Performing basic operations with image:

# load Image from file
image.load("image.png")
print(image.description)

# swap red and blue components
image.swap(0, 2)

# rotate image by 90 degrees CCW
image = image.getRotated(-1)

# convert image to RGBA format
image = image.toFormat(FormatRGBAu8n)

# crop image
image = image.getRegion(Region(40, 150, 64, 94))

# upscale image using default Cubic filter
image = image.getResized(image.size * 4)

# create mipmap chain using default mipmap filter
image = image.getMipmapped(Image.FilterMip, Image.FlagGamma)

# save image
image.save("test_basic.dds")
print(image.description)

The ImageSampler interface provides access to individual pixels of a specific image layer, mipmap, or face. A high-order Catmull-Rom filter is available for high-quality image resampling when needed.

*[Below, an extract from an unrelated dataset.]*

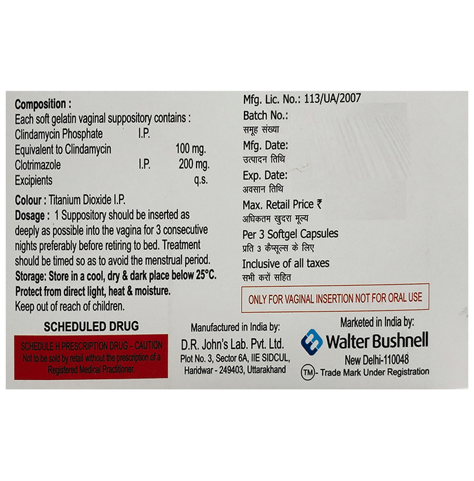 Clindazole Vaginal Suppository is a combination medicine that is prescribed to treat various types of vaginal infections associated with vaginal discharge. It fights against the infection by stopping the growth of infection-causing microorganisms. It also prevents the further spread of the infection. Clindazole Vaginal Suppository is to be used as per the label instructions or as suggested by your doctor. This medicine is only for vaginal application. You must wash your hands before and after using it. It is best to use this at bedtime regularly to get the most benefit. If there is any accidental exposure of the medicine to the eyes or mouth, you must wash it immediately. For better efficacy of the medicine, the course of the treatment should be completed even if you feel better. Do not use it more than the recommended dose.Clindazole Vaginal Suppository may lead to a few common side effects like mild irritation and burning sensation at the application site. If these side effects do not improve with time or worsen, inform your doctor. In case of any allergic reactions (rashes, itching, swelling, shortness of breath, etc.), it is advised to call for immediate medical help.Before using it, tell your doctor if you have an underlying disease or are taking medicines for any health condition. The medicines that are used externally usually do not get affected by other medicines, however, you should let your doctor know if you are taking any medicines to ensure safety. Ask your doctor for advice if you are pregnant or breastfeeding. If you are a known allergic to the medicine, you must refrain from using this medicine and consult your doctor. During the course of the treatment, you must follow proper personal hygiene for a faster recovery.

The following snippet demonstrates how to create a simple procedural image:

# create new image
image.create2D(FormatRGBu8n, 512, 256)

# create image sampler from the first image layer
sampler = ImageSampler(image)

# fill image
color = ImageColor(255)
for y in range(image.height):
    for x in range(image.width):
        v = ((x ^ y) & 255) / 32.0
        color.r = int(math.cos(Pi * 1.0 + v) * 127.5 + 127.5)
        color.g = int(math.cos(Pi * 0.5 + v) * 127.5 + 127.5)
        color.b = int(math.cos(Pi * 0.0 + v) * 127.5 + 127.5)
        sampler.set2D(x, y, color)

# save image
image.save("test_xor.png")
print(image.description)

Conversions between panorama and cube formats are straightforward. The following example converts an RGB cube image to a panoramic projection:

# create Cube image
image.createCube(FormatRGBu8n, 128)
print(image.description)

# clear image
for face in range(0, 6, 3):
    ImageSampler(image, Slice(Face(face + 0))).clear(ImageColor(255, 0, 0))
    ImageSampler(image, Slice(Face(face + 1))).clear(ImageColor(0, 255, 0))
    ImageSampler(image, Slice(Face(face + 2))).clear(ImageColor(0, 0, 255))

# convert to 2D panorama
# it will be horizonal cross without Panorama flag
image = image.toType(Image.Type2D, Image.FlagPanorama)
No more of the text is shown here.